(Beginning of Information shown)

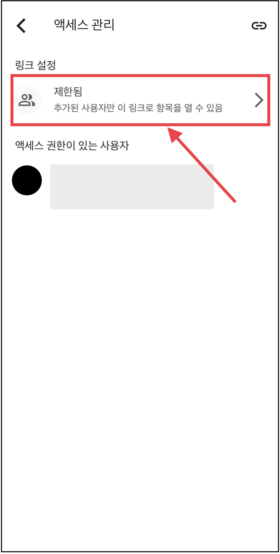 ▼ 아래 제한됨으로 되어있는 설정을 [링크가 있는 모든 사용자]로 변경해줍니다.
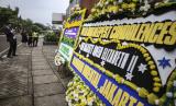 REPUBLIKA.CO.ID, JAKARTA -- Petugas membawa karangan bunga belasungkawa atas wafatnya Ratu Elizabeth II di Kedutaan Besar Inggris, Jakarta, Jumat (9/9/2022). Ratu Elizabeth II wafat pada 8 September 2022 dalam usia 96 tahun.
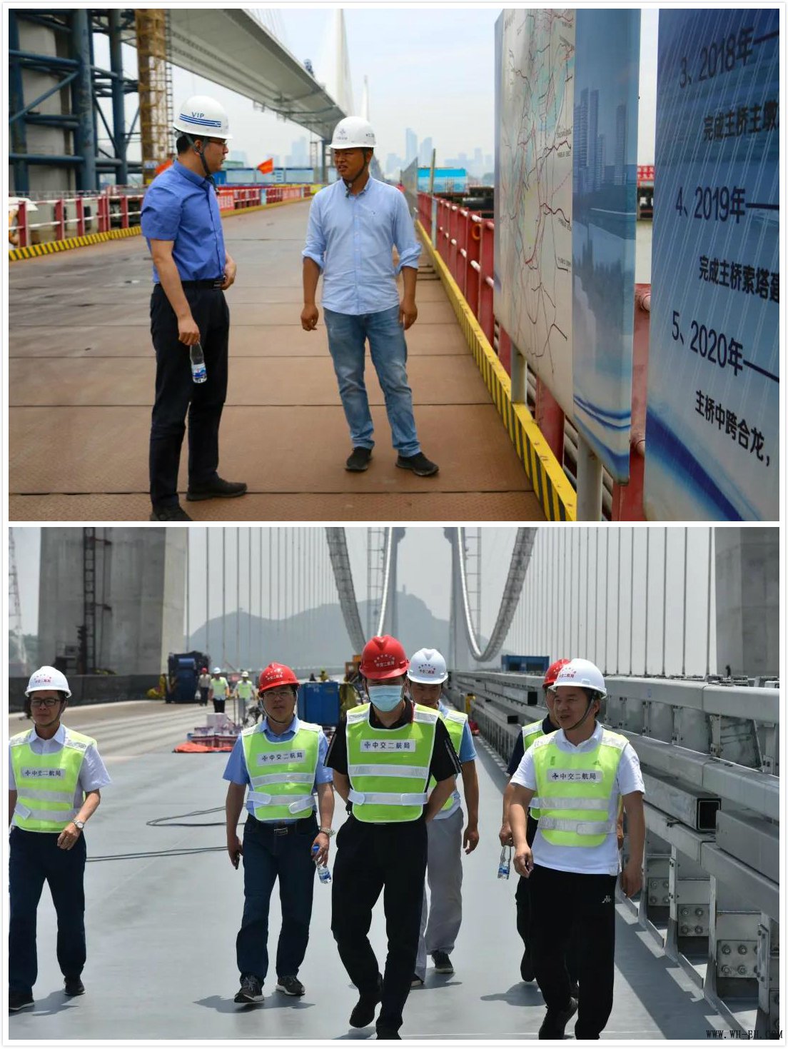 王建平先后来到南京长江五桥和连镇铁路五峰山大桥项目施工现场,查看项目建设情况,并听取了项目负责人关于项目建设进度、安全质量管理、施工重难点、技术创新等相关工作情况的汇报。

(End of Information shown)

» Exercise: Each line of the listing above belongs in the answer exactly as written; the pictures do not.

» Reply to the exercise:
 ▼ 아래 제한됨으로 되어있는 설정을 [링크가 있는 모든 사용자]로 변경해줍니다.
 REPUBLIKA.CO.ID, JAKARTA -- Petugas membawa karangan bunga belasungkawa atas wafatnya Ratu Elizabeth II di Kedutaan Besar Inggris, Jakarta, Jumat (9/9/2022). Ratu Elizabeth II wafat pada 8 September 2022 dalam usia 96 tahun.
 王建平先后来到南京长江五桥和连镇铁路五峰山大桥项目施工现场,查看项目建设情况,并听取了项目负责人关于项目建设进度、安全质量管理、施工重难点、技术创新等相关工作情况的汇报。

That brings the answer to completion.